A pro-government columnist describes the decisions taken at the EU summit as a victory for Hungary, while a left-wing analyst worries about the plight of immigrants who will be kept in closed facilities while their applications are processed.

In Magyar Idők, Dávid Megyeri welcomes the principles adopted by the leaders of the 28 member states in Brussels as fully in line with what Hungary has always stood for. They decided in fact to protect Europe’s outer borders and to give up the idea of mandatory migrant relocation.

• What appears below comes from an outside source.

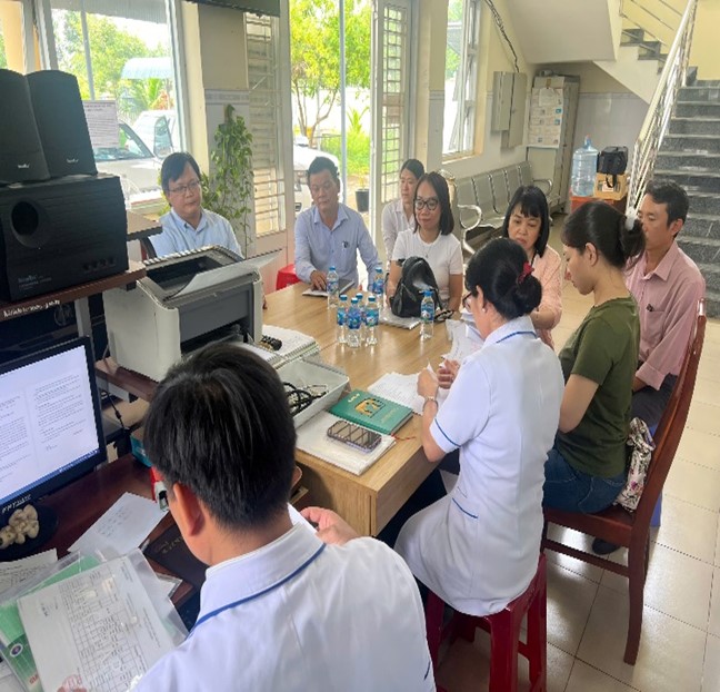 Đoàn công tác làm việc với Trung tâm KSBT tỉnh Hậu Giang, Trung tâm y tế huyện Vị Thuỷ, Ban Phòng chống dịch bệnh và Trạm Y tế xã Vị Thắng.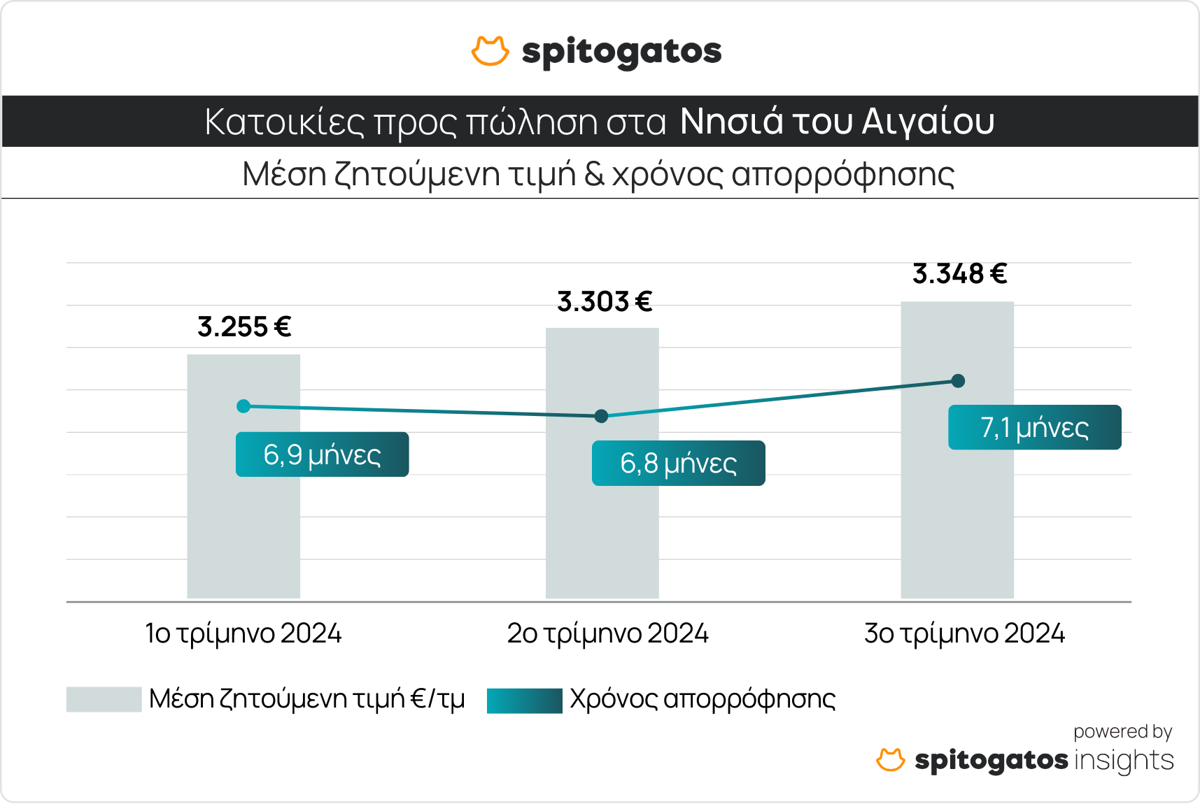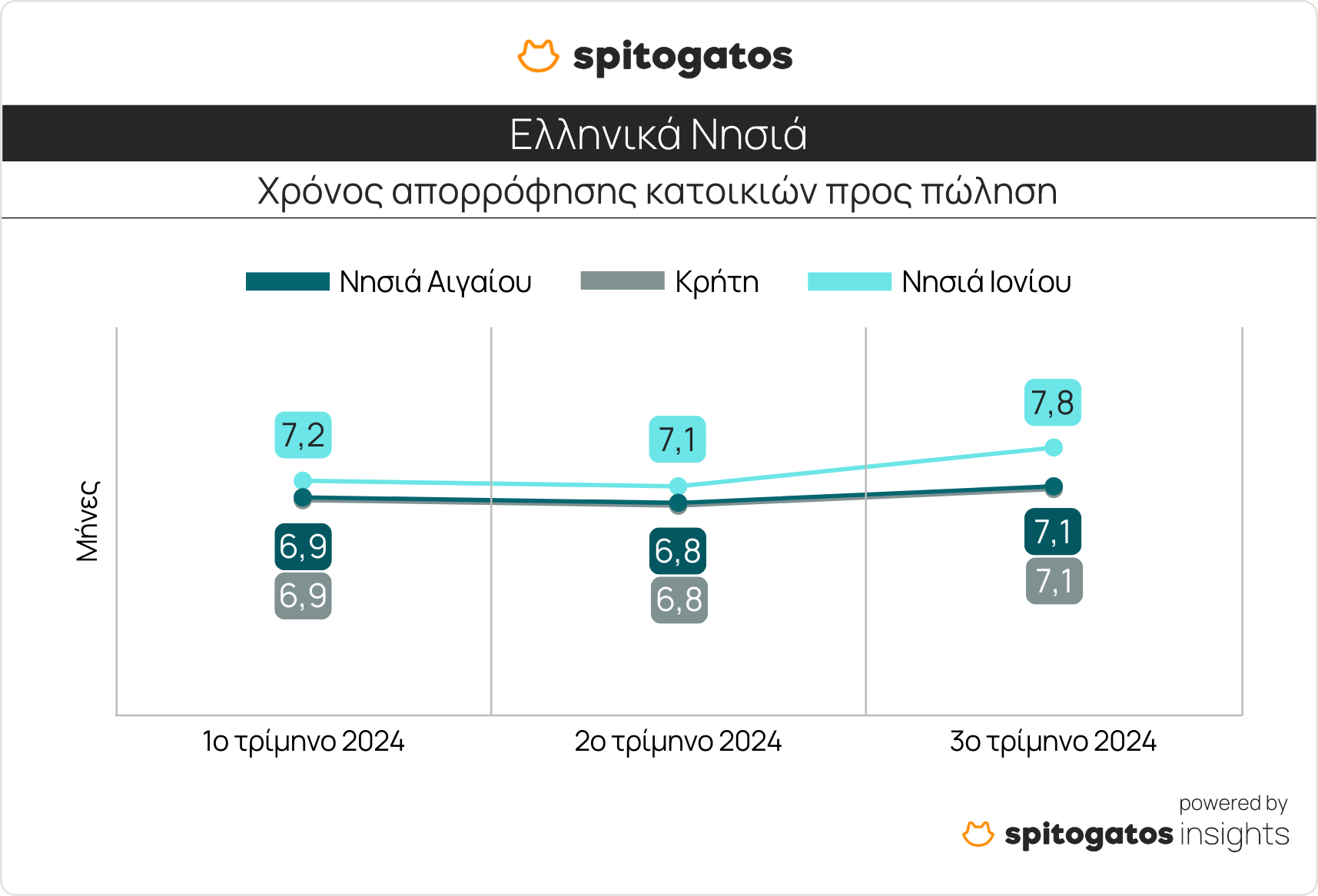 Στα Νησιά του Αιγαίου, ο χρόνος απορρόφησης κατοικιών προς πώληση κατά το 3ο τρίμηνο του 2024 ανέρχεται περίπου στους 7 μήνες, μετά από μικρές αυξομειώσεις τα προηγούμενα τρίμηνα. Επεκτείνοντας την ανάλυση σε όλα τα νησιά της Ελλάδας, διαπιστώνεται ότι οι κατοικίες προς πώληση σημειώνουν σχετικά χαμηλότερο ρυθμό απορρόφησης στα Νησιά του Ιονίου σε σχέση με τα Νησιά του Αιγαίου και την Κρήτη, φτάνοντας τους 7,8 μήνες κατά το 3ο τρίμηνο του 2024. Αντίστοιχα, τα Νησιά του Αιγαίου και η Κρήτη εμφανίζουν παρόμοιους χρόνους απορρόφησης των κατοικιών προς πώληση από την αγορά, οι οποίοι διαμορφώνονται στους 7 μήνες.

Thus, he explains, the idea of infringement procedures against countries which have resisted compulsory relocation quotas must be dropped. Megyeri hopes that despite bitter efforts by pro-immigration forces, it will now become possible to get rid of the practice of ‘more Europe and more immigration’ and focus on ‘more security and more competitiveness’.

In Népszava, editor Gábor Horváth is worried about the idea of setting up closed camps where asylum seekers will have to wait until their applications are processed. He gives an overview of the history of concentration camps, from the first ones in Cuba up to the Nazi death camps and hints that EU leaders must be conscious of what it means to lock migrants in camps. It is no coincidence, he writes, that instead of “closed’, they call such centres ‘controlled’ in their communique. Nevertheless, Horváth fears that in a few decades from now Europe may well feel ashamed of what it is doing.